Build the music/sting background layer.

Each MUSIC stem is overlaid at its cue point without looping. Use level_db=0 for DAW layer export so levels are set in-DAW.

Parameters:

  • stem_plans (list[StemPlan]) –

    Classified stem list from :func:collect_stem_plans.

  • timeline (dict[int, int]) –

    Cue-point timestamps from :func:build_foreground.

  • total_ms (int) –

    Total foreground track length in milliseconds.

  • level_db (float, default: MUSIC_LEVEL_DB ) –

    Volume adjustment applied before overlaying.

  • include_foreground_override (bool, default: False ) –

    When True, preamble/postamble MUSIC stems (foreground_override=True) are placed at their timeline position in this layer. Used by DAW export so the operator can see and mix them; set to False (default) for the integrated mix where they play sequentially via :func:build_foreground instead.

Returns:

  • AudioSegment

    Tuple of (layer, labels) where layer is a full-length

  • AudioSegment

    class:~pydub.AudioSegment with music stings overlaid at

  • AudioSegment

    their cue positions, and labels is a list of

  • AudioSegment

    (start_sec, end_sec, text) tuples for each sting.

Source code in src/xil_pipeline/mix_common.py
def build_music_layer(
    stem_plans: list[StemPlan],
    timeline: dict[int, int],
    total_ms: int,
    level_db: float = MUSIC_LEVEL_DB,
    include_foreground_override: bool = False,
) -> AudioSegment:
    """Build the music/sting background layer.

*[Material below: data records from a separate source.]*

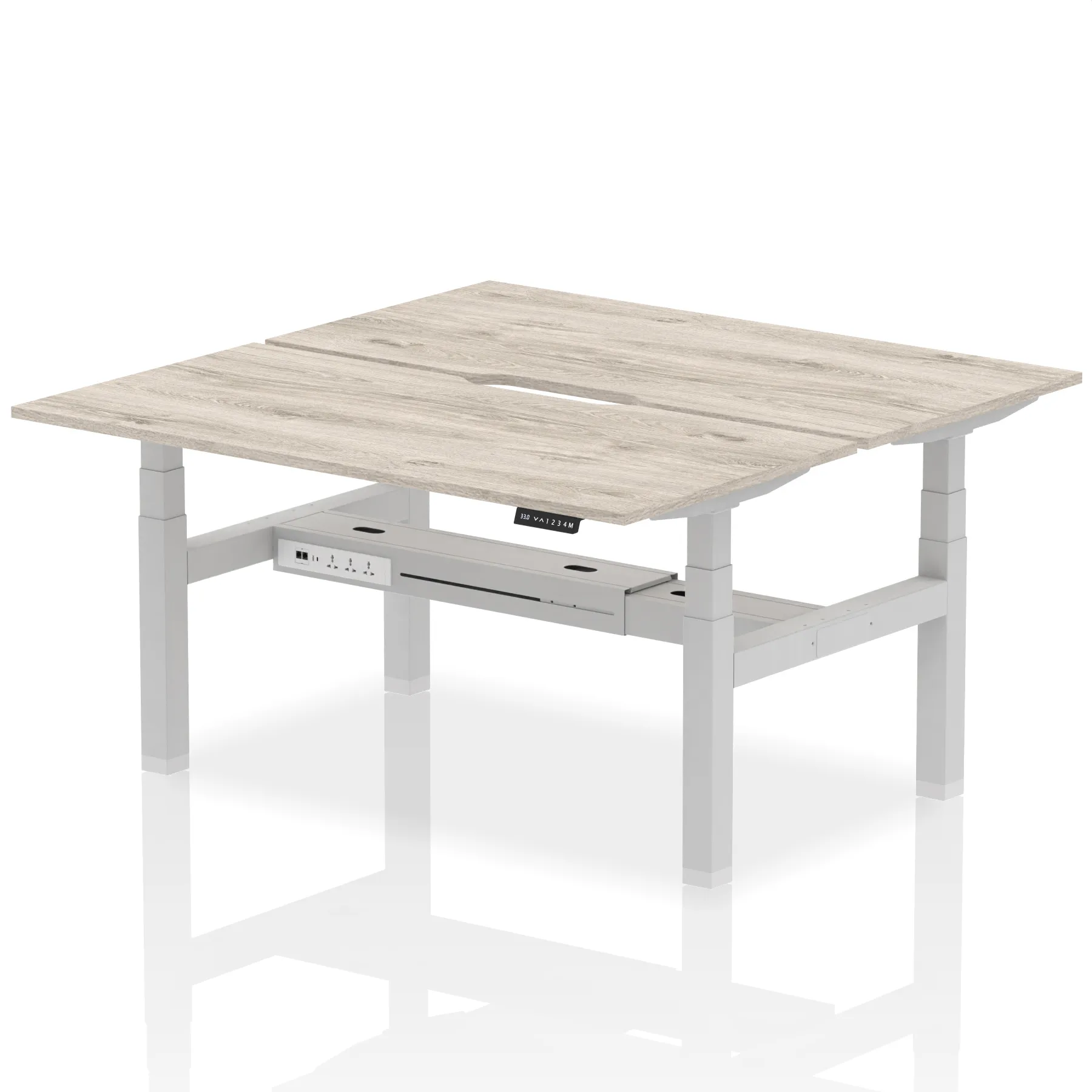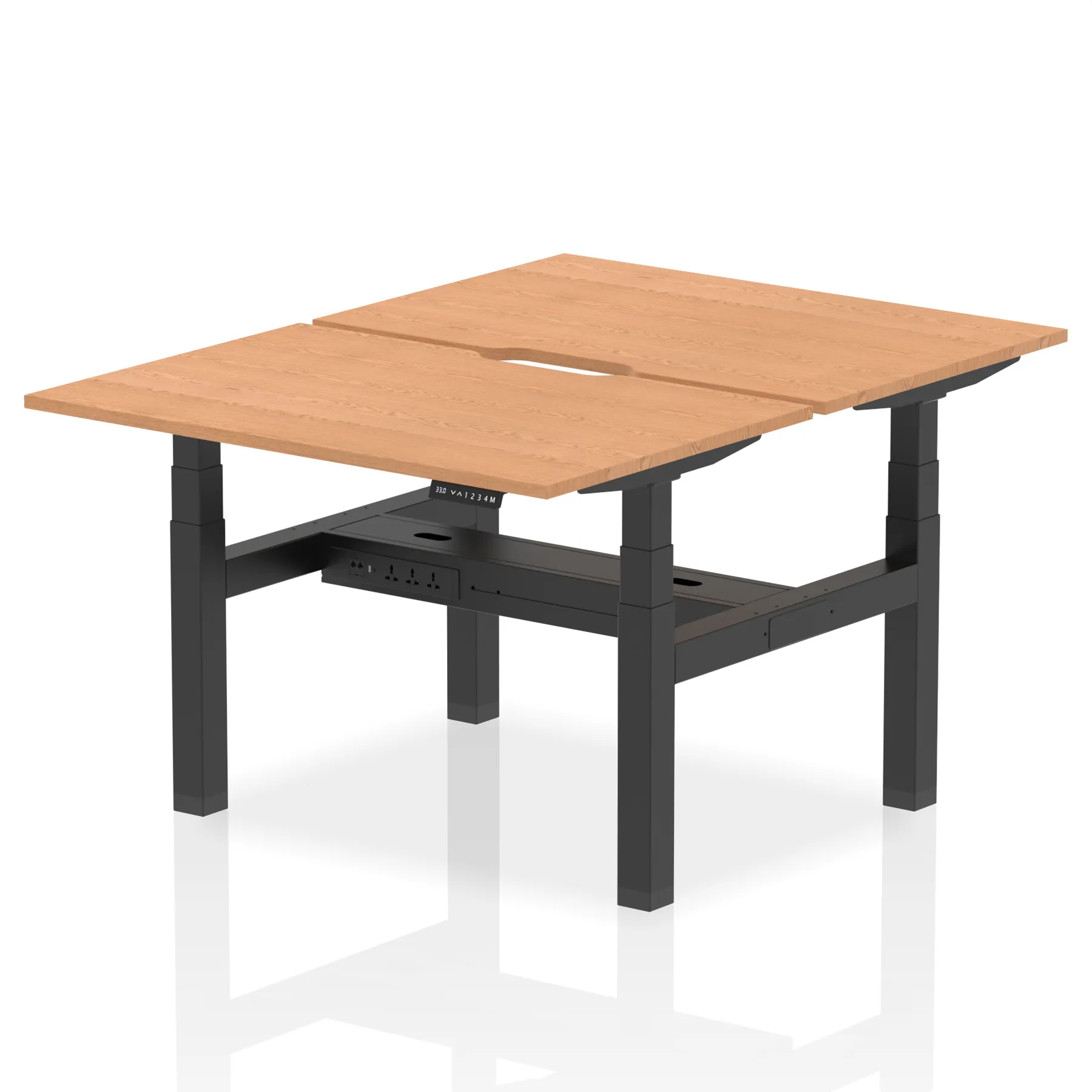 Elevate your team’s workspace with the Air Back-to-Back Height Adjustable Desk for two. This workstation features stylish scalloped edging and is equipped with two Ethernet ports, a USB port, a USB-C port, and three UK plugs per desk, ensuring optimal connectivity. The adjustable height promotes ergonomic working positions. Designed for collaboration and efficiency, it’s the perfect blend of aesthetics and functionality for the modern office.
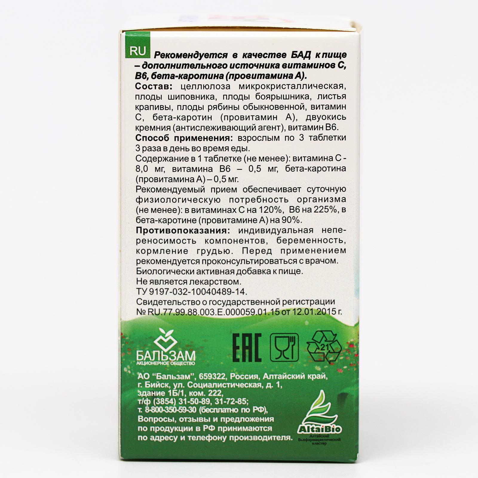 Состав: МКЦ, шиповник, боярышник, рябина обыкновенная, крапива, витамин С, витамин В6, бета-каротин.
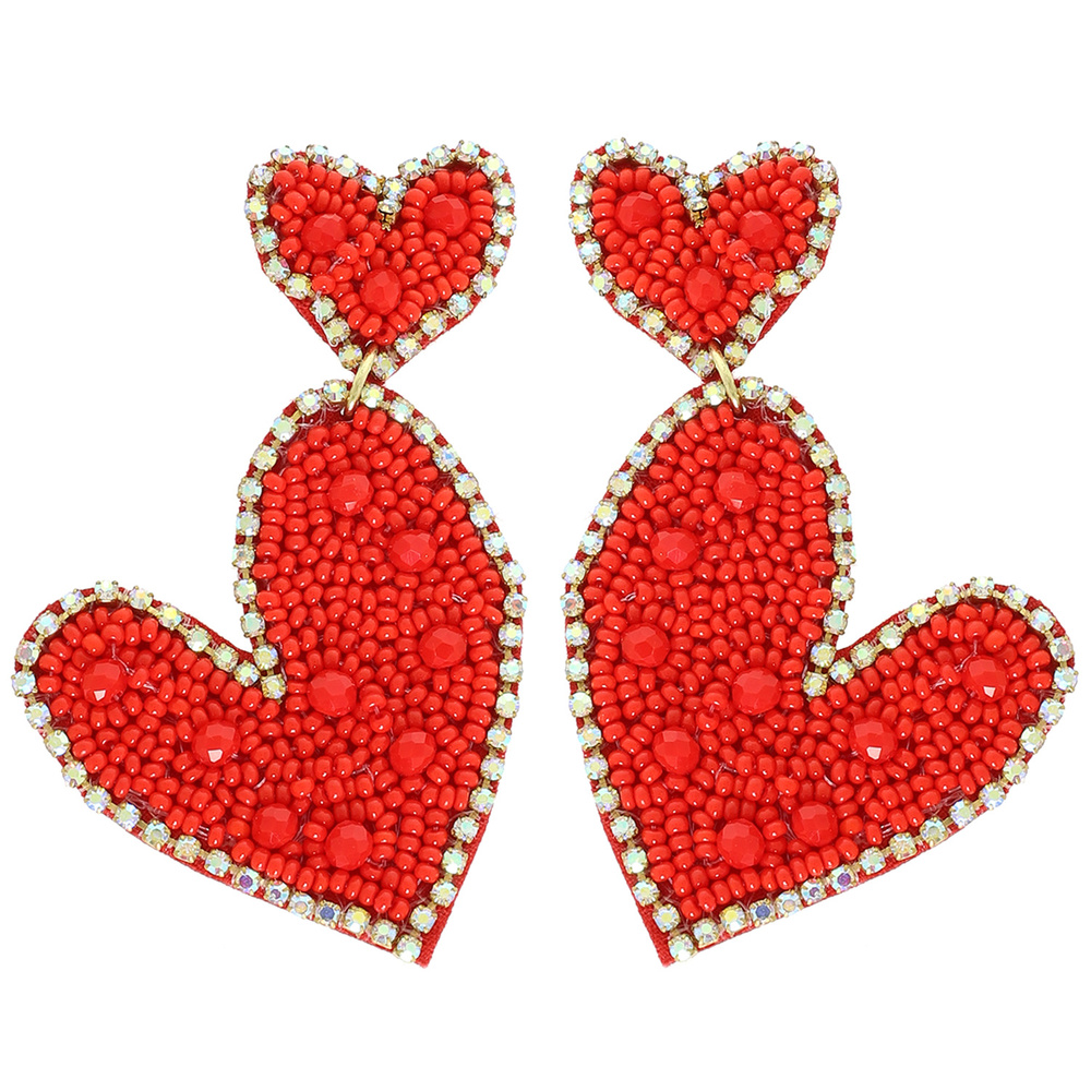 HEART RHINESTONE BEAD EMBELLISHED POST DANGLE EARRINGS
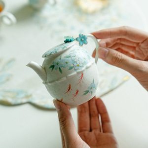 中式岩矿白纯手绘蓝星花陶瓷茶壶带提溜高档泡茶精致家用功夫茶具
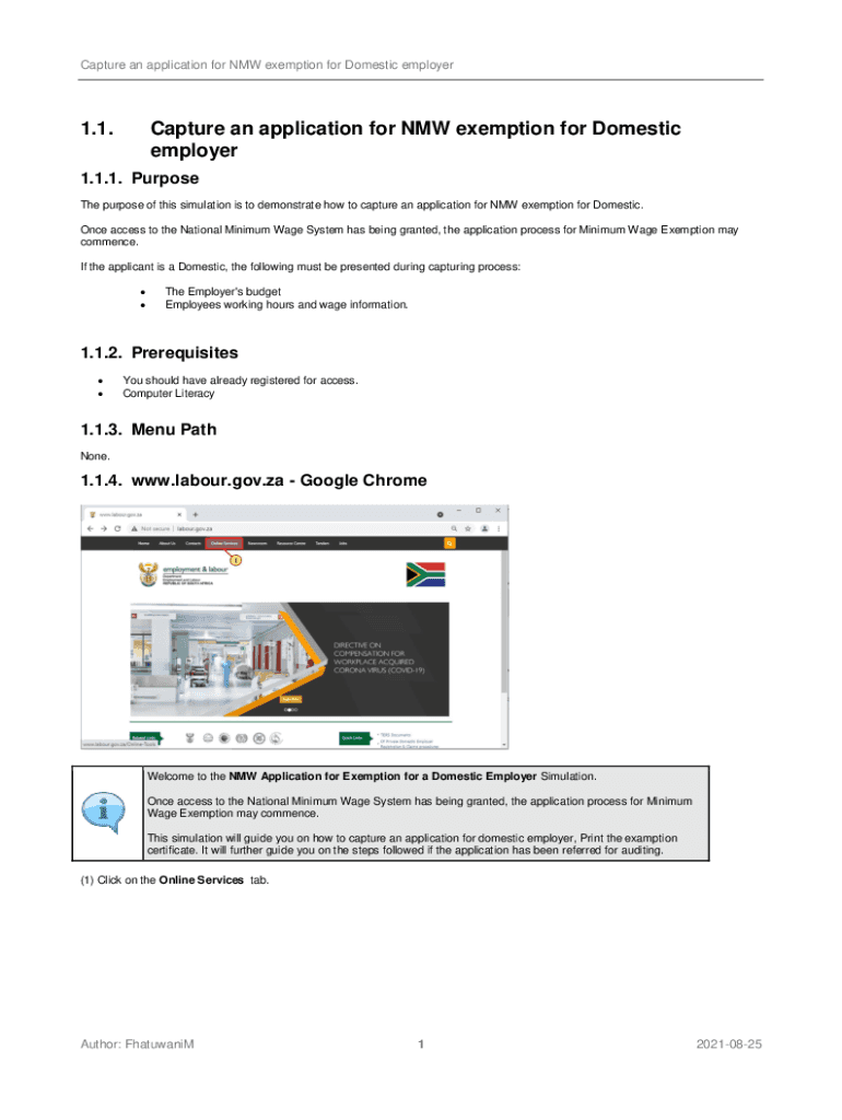 Capture an application for NEW exemption for Domestic employer1.1. Capture an application for NEW exemption for Domestic employer1.1.1. Purpose The purpose of this simulation is to demonstrate how
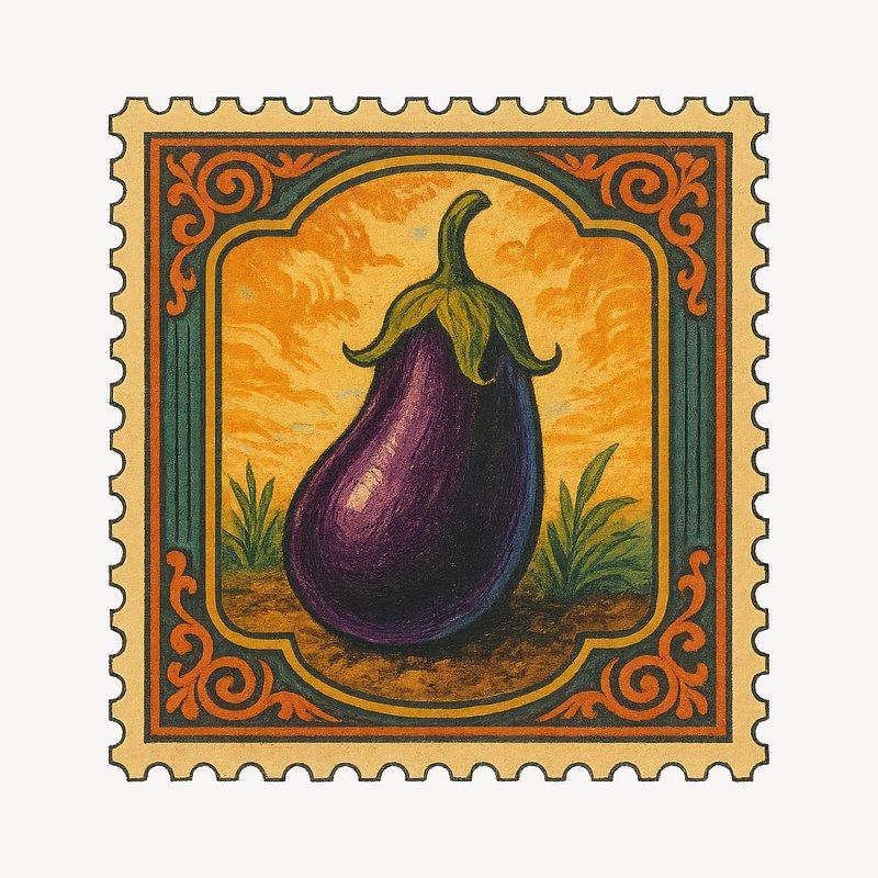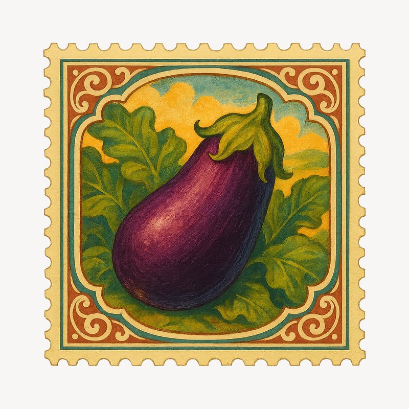 Vintage eggplant postage stamp illustration. https://www.rawpixel.com/image/18658672/vintage-eggplant-postage-stamp-illustrationView license
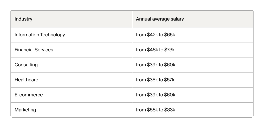 Finance: This industry heavily relies on data analysis for decision-making, risk assessment, and market research. Banks, investment firms, and insurance companies offer an average salary of $48,000 to $73,000.
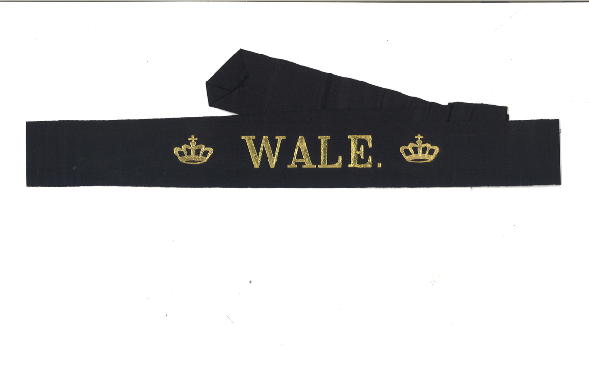 Svart mössband med guldtext.
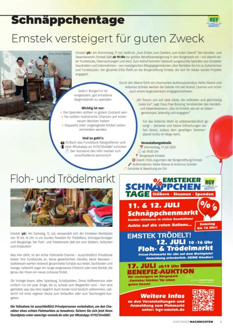 ler Fundstücke, Überraschungen und Herz. Zum Aufruf kommen liebevoll ausgesuchte Spenden aus Emsteker
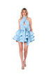 Fantastiskt välgjord klänning från italienska Kuea Italian Style, klänningen har cut-out och halterneck med öppen rygg, livet öppnas och stängs med dold dragkedja på ryggen. Kjoldelen är volymiös med volanger lager på lager och framtill pryds midjan med en stor rosett. Passar alla festligheter! Du kommer garanterat dra blickarna till dig!
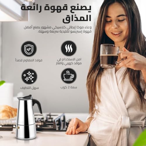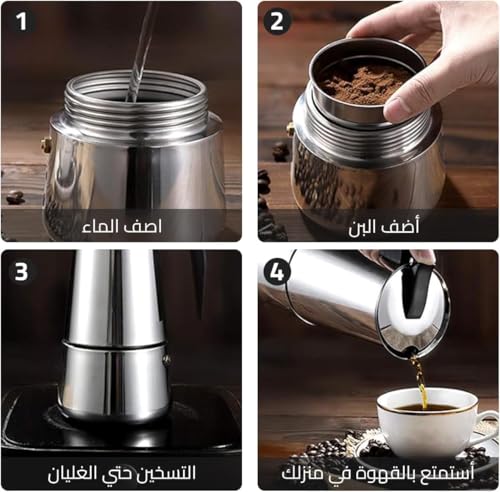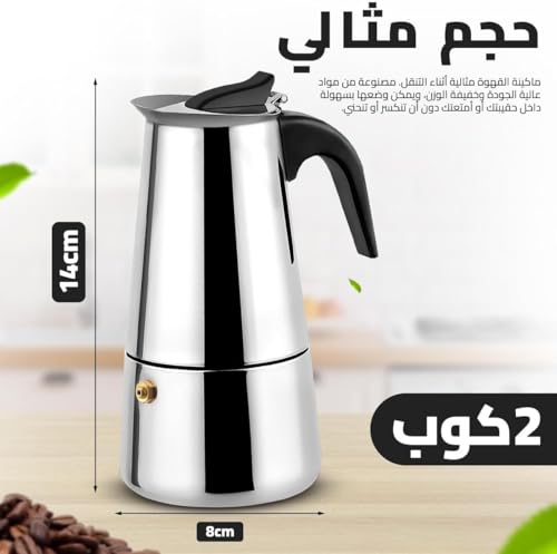 Spaceshoop - Espresso Maker, Premium Stainless Steel 2-Cup Espresso Maker, Enjoy Perfectly Brewed Coffee in Minutes

    Each MUSIC stem is overlaid at its cue point without looping.
    Use ``level_db=0`` for DAW layer export so levels are set in-DAW.

    Args:
        stem_plans: Classified stem list from :func:`collect_stem_plans`.
        timeline: Cue-point timestamps from :func:`build_foreground`.
        total_ms: Total foreground track length in milliseconds.
        level_db: Volume adjustment applied before overlaying.
        include_foreground_override: When ``True``, preamble/postamble
            MUSIC stems (``foreground_override=True``) are placed at
            their timeline position in this layer.  Used by DAW export
            so the operator can see and mix them; set to ``False``
            (default) for the integrated mix where they play
            sequentially via :func:`build_foreground` instead.

    Returns:
        Tuple of ``(layer, labels)`` where *layer* is a full-length
        :class:`~pydub.AudioSegment` with music stings overlaid at
        their cue positions, and *labels* is a list of
        ``(start_sec, end_sec, text)`` tuples for each sting.
    """
    layer = AudioSegment.silent(duration=total_ms)
    labels: list[tuple[float, float, str]] = []
    for plan in sorted(stem_plans, key=lambda p: p.seq):
        if plan.direction_type != "MUSIC":
            continue
        if plan.foreground_override and not include_foreground_override:
            continue  # preamble/postamble music plays in foreground, not here
        start_ms = timeline.get(plan.seq, 0)
        if start_ms >= total_ms:
            continue
        clip = AudioSegment.from_file(plan.filepath)
        if plan.play_duration is not None and not plan.pre_trimmed:
            clip = clip[:max(1, int(len(clip) * plan.play_duration / 100.0))]
        ramp_in_ms = int((plan.ramp_in_seconds or 0) * 1000)
        ramp_out_ms = int((plan.ramp_out_seconds or 0) * 1000)
        clip = _apply_clip_effects(
            clip, plan.volume_percentage, ramp_in_ms, ramp_out_ms, level_db
        )
        layer = layer.overlay(clip, position=start_ms)
        label_text = plan.text or plan.direction_type or "MUSIC"
        labels.append((
            start_ms / 1000.0, (start_ms + len(clip)) / 1000.0, label_text,
            plan.ramp_in_seconds, plan.ramp_out_seconds, plan.play_duration,
            None, plan.volume_percentage, plan.seq,
        ))
    return layer, labels

build_dialogue_layer

build_dialogue_layer(stem_plans: list[StemPlan], timeline: dict[int, int], total_ms: int, cast_config: dict, vintage_scenes: list[str] | None = None) -> tuple

Build an isolated dialogue layer for DAW export.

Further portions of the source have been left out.